I would say a minimum of a month after the academy’s course ends is required to practice for this exam. Less than that is risky and will put you under too much pressure. Still, people can pass with 2 weeks of practice. However, the farther your exam date is from the day your course ends, the more likely you’ll pass, with some exceptions of course.
The second most important thing in preparing for this exam is formulating an approach to each station. This is something you work on yourself; what relevant questions to ask in history, what examinations you need to perform/verbalize, what investigations you’ll order, what lines of treatment does the patient need, what advice you’ll give to the patient?
Even your facial expressions and voice tones; is it a station where you’re breaking bad news, or dealing with an angry patient, or a concerned mother, or a station where you can smile or even laugh with the patient?
Before entering a station, you get a minute and a half to read the task required from you in that station. All your practice during whichever period you give yourself is somehow directed towards building a skeleton for each station to remember during those critical one and a half minutes before your enter the station’s cubicle.
There are different types of stations. Some are mainly based on history taking in order to get to a diagnosis and manage the patient accordingly, some are almost entirely performing an examination with a little talk about management, some are dealing with a patient’s concern, some are breaking bad news to a patient or relative, or dealing with an assumed medical error you or a colleague has made, and some are teaching stations where you teach a junior colleague a certain skill. Like I said previously, no matter what kind of station you get, you’re evaluated on all 3 categories.

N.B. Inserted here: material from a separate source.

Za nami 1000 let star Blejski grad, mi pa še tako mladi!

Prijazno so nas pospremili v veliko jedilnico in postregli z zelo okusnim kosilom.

I cannot stress enough on how important it is to practice with different study partners. This way you get different views on your performance. I practiced with 5 friends, each of whom gave me so valuable remarks.
At some point I was confused about when to start practicing. Should it be right after the course ends? Or should I give myself some time to read before practicing?

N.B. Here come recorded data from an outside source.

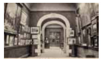
Salles des tableaux - carte postale ancienne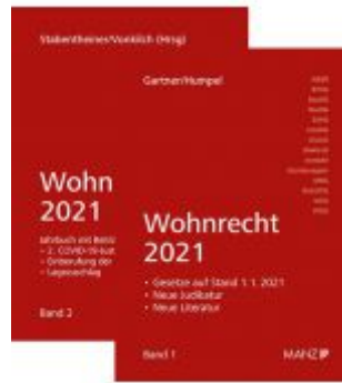
PAKET: Wohnrecht 2021 Band 1 + 2 Ladenpreis: 74,00 EUR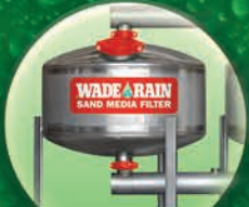
Filtro de Grava y Arena Ollas de 36" y 48"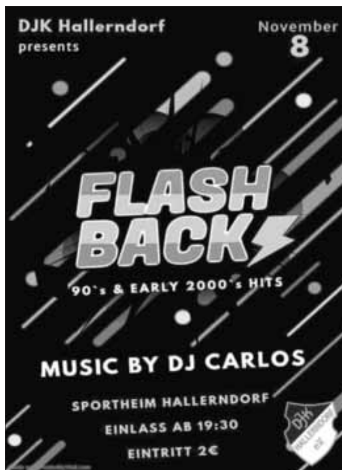
Plakat: Simon Körber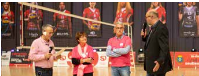
Les Louves de Saint-Dié - 2021 - Crédit photo : Antoine Gabillaud.

Eventually, I decided to read on my own first, make my own summaries and schemes for different stations, practice some few stations at the end of the day, then after I was done with my studying I started practicing all stations.
Practicing means roleplaying. You play the doctor, your partner plays the patient, then you switch.
I think it’s a lot better to practice all stations if you have time (if you have a month you’ll have time for that). Make sure you are the doctor in all stations, and you are the patient in all stations as well. This way you’ve practiced all stations twice more or less.
Practice with an 8 min timer. Only through this you can get the sense of the proper tempo you need in different stations.
It’s useful to write down your partner’s remarks so you won’t repeat your mistakes.
One thing I found really helpful was to voice record myself while reading some stations I didn’t get enough time to practice, then reading them while listening to my own summary of them.
I was lucky alhamdulillah I had my friend, Muhammad Ahmed, with me the couple of days before my exam. His exam was the day before mine. The day before his exam, we discussed almost all 200 stations together.
I know some peole prefer to have their own rituals the day before the exam and so prefer to spend that day alone, but it was hugely helpful to run through all stations back to back.
The night before the exam, sleep well. This exam is 3 hours long and you only get 2 ten minutes to rest within those tiring hours.
Once you’re done with a station, forget about it, and “move on to the next station” like the guy in the recording says. It’s easier said than done, because your mind will work against you in ways you cannot imagine and will keep nagging you about that investigation or treatment you forgot to mention throughout the whole exam.
After the exam, try to delay your anxiety about the result as much as you can, till the day of the result if possible. It won’t help anyways.